Renault et PSA ont pris la pente de la délocalisation
Depuis 2010, le déficit du commerce automobile français ne cesse de plonger : 15,4 milliards d'euros en 2020, 18 milliards en 2021, 19,9 milliards en 2022, 24 milliards en 2023. L’automobile représente près de la moitié du déficit tricolore des produits manufacturés ! En 2004, la filière affichait pourtant un excédent de 12,3 milliards. Les Français aiment certes les Volkswagen, Audi, Mercedes – d’où le déséquilibre de la balance avec l’Allemagne
(-6,4 milliards en 2023). Mais l’Hexagone nourrit surtout un énorme déficit vis-à-vis de l’Espagne, la Slovaquie, la Roumanie et le Maroc (-11 milliards cumulés). La raison essentielle? Les délocalisations de Renault et PSA (devenu Stellantis en 2021). Le creusement du déficit est en effet corrélé à la chute des fabrications dans l’Hexagone. La France n’a produit qu’un peu plus de 1,5 million de véhicules l’an dernier, contre 3,66 millions en 2004. Quant aux seules voitures électriques, « elles sont très minoritairement produites en France », lâche Marc Mortureux, directeur général de la Plateforme automobile française (PFA). Et sur les dix modèles les plus vendus dans l’Hexagone en 2023, un seul était made en France, la Peugeot 308. La Renault Clio? Produite à Bursa (Turquie) et Novo Mesto (Slovénie). Sa rivale, la Peugeot 208? Assemblée à Trnava (Slovaquie), y compris la variante électrique, et Kenitra (Maroc). Les petits SUV Peugeot 2008 et Renault Captur? En Espagne.

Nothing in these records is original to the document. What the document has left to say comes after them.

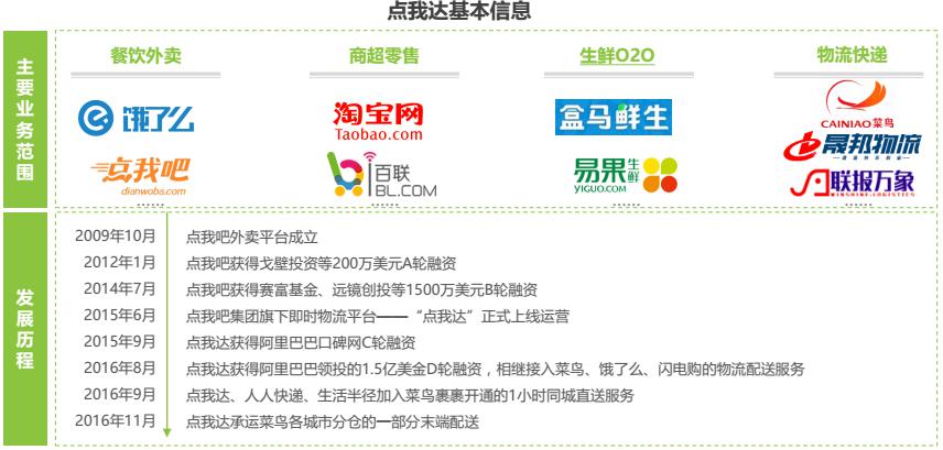 即時(shí)物流平臺(tái)點(diǎn)我達(dá)脫胎于外賣(mài)平臺(tái)點(diǎn)我吧,憑借出色的運(yùn)營(yíng)和調(diào)度能力快速發(fā)展。2016年7月,獲得阿里領(lǐng)投的1.5億美金D輪融資,并接入菜鳥(niǎo)網(wǎng)絡(luò)城市配送體系,成為阿里物流布局戰(zhàn)略重點(diǎn)。相較于其他即時(shí)物流平臺(tái),點(diǎn)我達(dá)擁有淘系電商龐大的資源背景作為支撐,訂單來(lái)源除O2O平臺(tái)之外還包括物流、電商等,在競(jìng)爭(zhēng)中占據(jù)絕對(duì)優(yōu)勢(shì)。
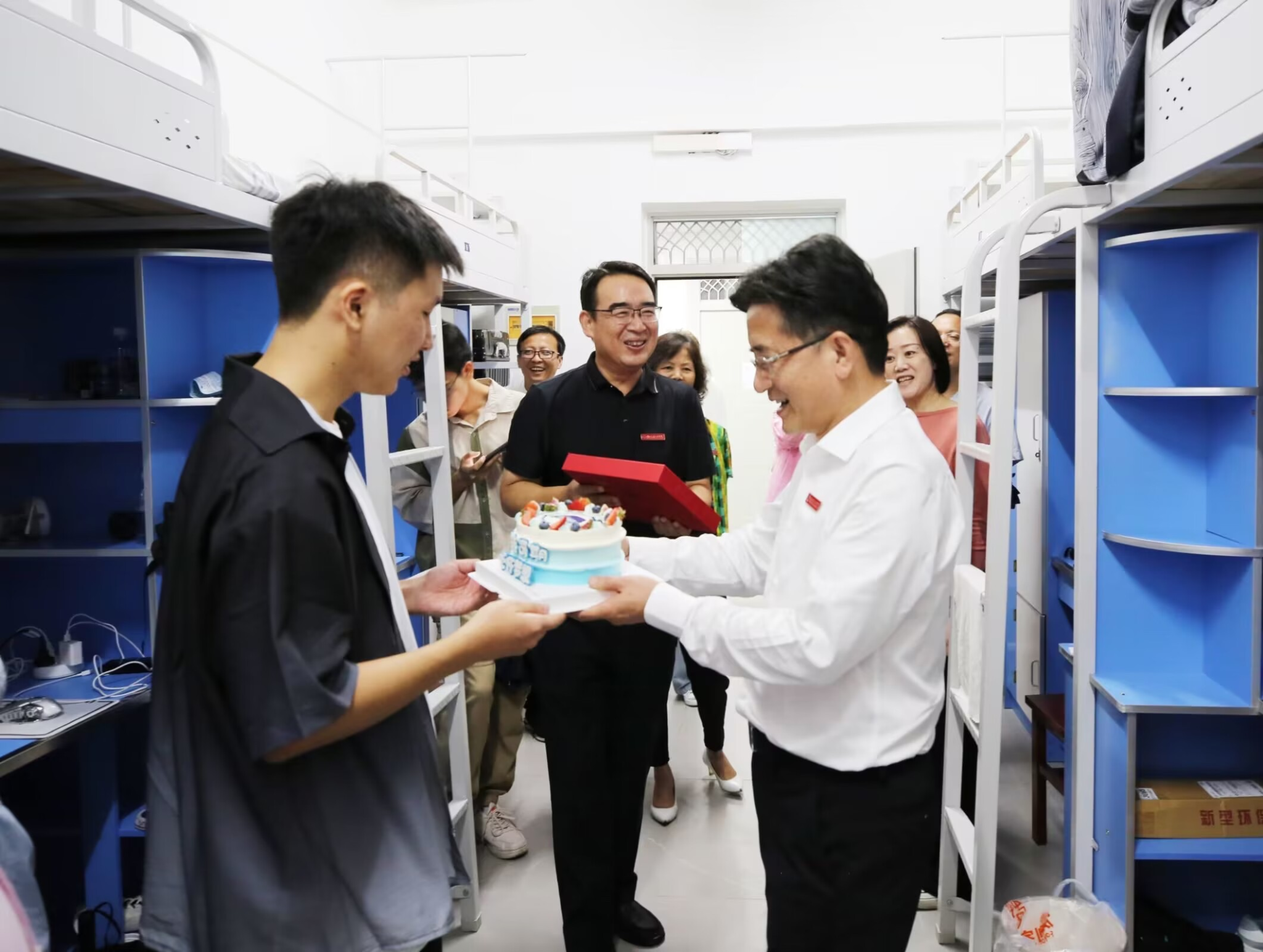 本次迎新工作受到公司领导的高度重视,公司党委书记张文学、董事长王晓来到公司迎新点,亲切慰问迎新志愿者,详细了解新生报到情况,并为公司一名2023级本科新同学庆祝生日,亲切交流并合影。
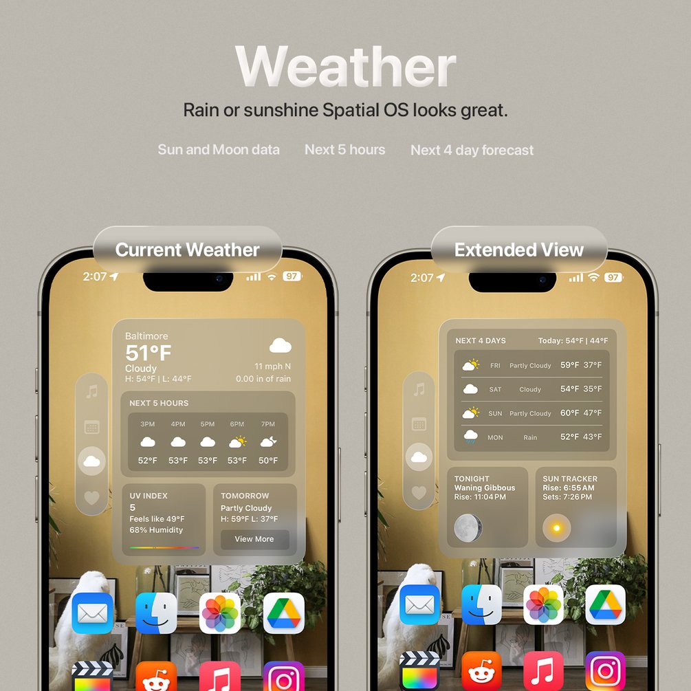 Unlike Vision OS, iOS offers a dedicated dark mode – so does this widget. Each layer follows the Apple Spatial UI Guidelines to enhance legibility, match font weights, ornaments, hierarchy and more.
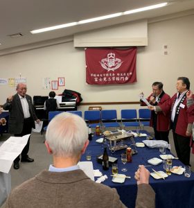 次いで、堀内好浩顧問(兵庫大学教授)が乾杯の音頭を取り、歓談に移りました。堀内さんは2月9日に、ふじみ野市のエコパにおいて「地域の歴史」講演会を開きます。
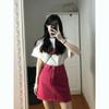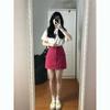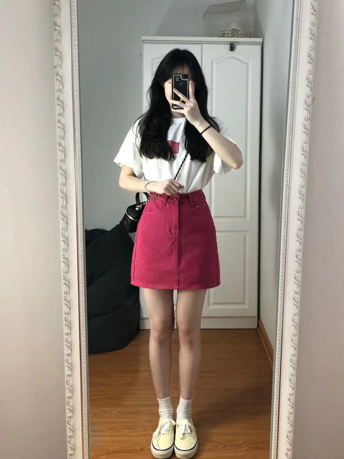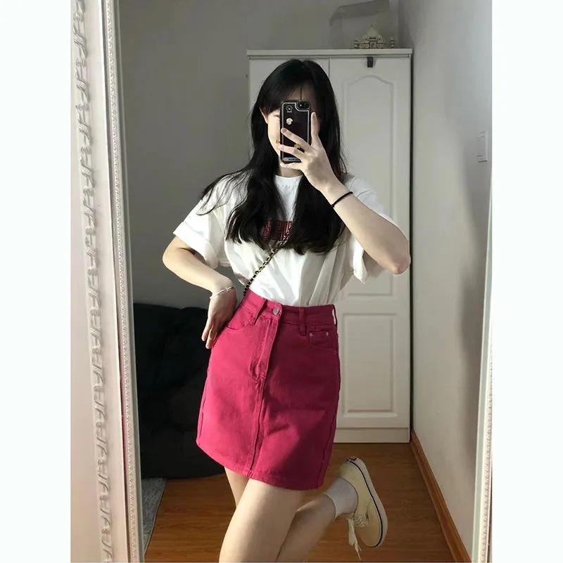 Falda vaquera rojo rosa para mujer verano estilo coreano nueva cintura alta chica hot slim versátil línea A cadera falda corta
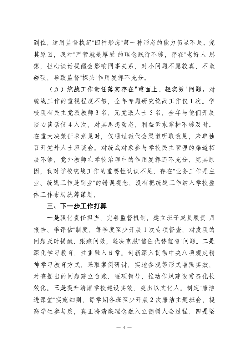 学校党委书记2025年落实全面从严治党主体责任述职报告2025年,我认真履行全面从严治党第一责任人职责,坚持以习近平新时代中国特色社会主义思想为指导,深入学习贯彻党的二十大和二十届二中、三中、四中全会精神,贯彻落实习近平总书记视察山东重要讲话和视察枣庄重要指示精神,落实区委十一届七次、八次、九次全会部署和区纪委五次全会精神,扎实开展深入贯彻中央八项规定精神学习教育,推动清廉学校建设。现将履责情况报告如下:一、主要做法及成效一是抓政治建设强引领。坚持把政治建设摆在首位,组织班子成员和全体党员学习党的二十届四中全会精神及习近平总书记视察山东重要讲话精神12次,开展"第一议题"学习18次。严格执行民主集中制,全年召开党支部委员会16次,"三重一大"事项全部集体研究决定。扎实开展深入贯彻中央八项规定精神学习教育,一体推进学查改,全体党员签订廉洁承诺书,组织观看警示教育片3部。二是抓责任落实促担当。对重要工作亲自部署、重大问题亲自过问,全年听取班子成员分管领域工作汇报8次,与班子成员开展谈心谈话26人次。制定党风廉政建设责任清单,逐项分解任务到人,每季度听取落实情况汇报。积极配合上级巡视巡察,对反馈的3个问题已全部整改到位。三是抓队伍建设固根本。严格落实新时代好干部标准,发展党员2名,培养入党积极分子4名。加强师德师风建设,开展师1

Cette délocalisation des années 2010 à début 2020 s’explique principalement par le coût du travail en France. Car Renault comme l’ex-PSA sont spécialistes des petits modèles, les plus sensibles aux prix. Le coût salarial horaire dans l’industrie manufacturière est 4,5 fois plus bas en Roumanie, où sont produites la plupart des Dacia à bas coûts, qu’en France, trois fois moindre en Slovaquie. Le différentiel entre l’Espagne et la France est de 40 %, selon le cabinet Rexecode. Certes, Renault a cédé à la pression de l’Etat actionnaire – à hauteur de 15% – pour produire dans le Nord sa prochaine R5 électrique. Mais Carlos Tavares a dit non à Bruno Le Maire, lorsque le ministre de l’Economie lui a demandé à l’été 2023 de suivre l’exemple : « Stellantis est en condition de se battre contre les chinois, mais ce ne serait pas le cas si on produisait dans des pays à coûts élevés », a affirmé lapidairement le directeur général de Stellantis.